Лето, лето… раскололся август переспелым арбузом, в акурат посередке. Липнут кресла в трамваях, липнут шины к гудрону, накаляет солнце и вашу желтую стену, жар стеклянно струится в окно — из духовки. "Ну, как? Был?" — "Вот", — показал. "Уже?! Ой, я сейчас спущусь. — Скрылась и снова: — Папочка, Лерочка хочет на тебя посмотреть. Я сейчас придвину кровать".
И вот там, за двойным темноводным стеклом, закивало, заулыбалось личико. Задрожало во мне, приговаривал я чуть слышно: "Да, да, доченька…" Оттого задрожало, что знакомое и… незнакомое, родное и почему-то страшно почужевшее глянуло на меня твое лицо.
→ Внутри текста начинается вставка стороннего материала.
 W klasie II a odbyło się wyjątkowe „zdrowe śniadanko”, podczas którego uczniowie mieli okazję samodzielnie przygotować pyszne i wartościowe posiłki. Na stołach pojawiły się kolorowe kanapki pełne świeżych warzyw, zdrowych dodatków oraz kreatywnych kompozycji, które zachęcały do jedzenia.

Понял, понял сразу: отечное. Говорила что-то неслышное мне, показывала. А сказала вот что: "Мама, почему папа такой нарядный?"
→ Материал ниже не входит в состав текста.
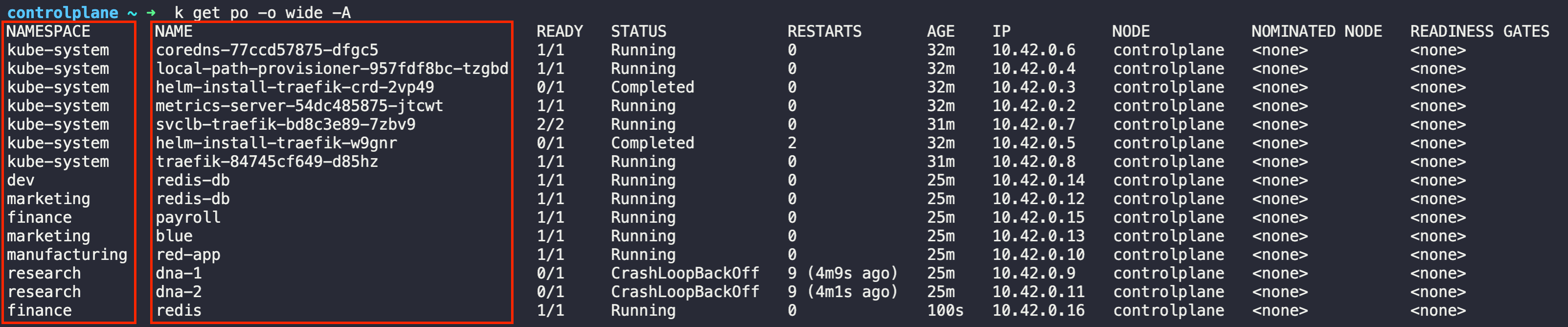 kube-system coredns-77ccd57875-dfgc5 1/1 Running 0 32m 10.42.0.6 controlplane <none> <none>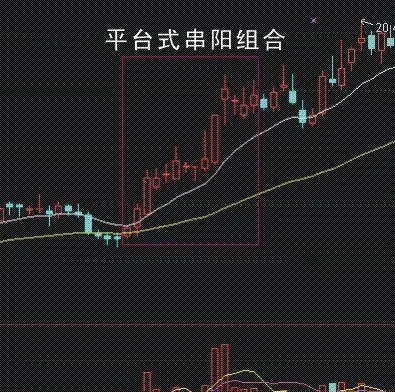4. 平臺式串陽組合,在不斷上升的陽線中具有平臺整理形態,走勢有着放量加速上漲超過短期頂部,以及5根陽線過進行洗盤的可能;

— Саша? — приоткрыла Тамара дверь. — Давай. Нине большое спасибо! Я побегу — дам! Плохо… лицо отекает. Глазик стал меньше. Надо траву, траву! Съезди к ней, съезди, надо делать. Если не даст… я сама дам эндоксан. В капельницу волью.
И поехал я снова к травнице.
— Вы к Вере Алексеевне? Она скоро будет. Подождите, пожалуйста… — громковато проговорил хозяин Мельничного Ручья, царским жестом повел по хлевной веранде, младозубо осклабился из вороной бородищи, ясноглазо улыбнулся: — У меня сегодня, знаете, день рождения… — старчески призадумался. — М-м, шестьдесят пять… — поглядел: не последуют ли возражения. Не последовали. — Вот она и удалилась. Да вы присядьте, пожалуйста.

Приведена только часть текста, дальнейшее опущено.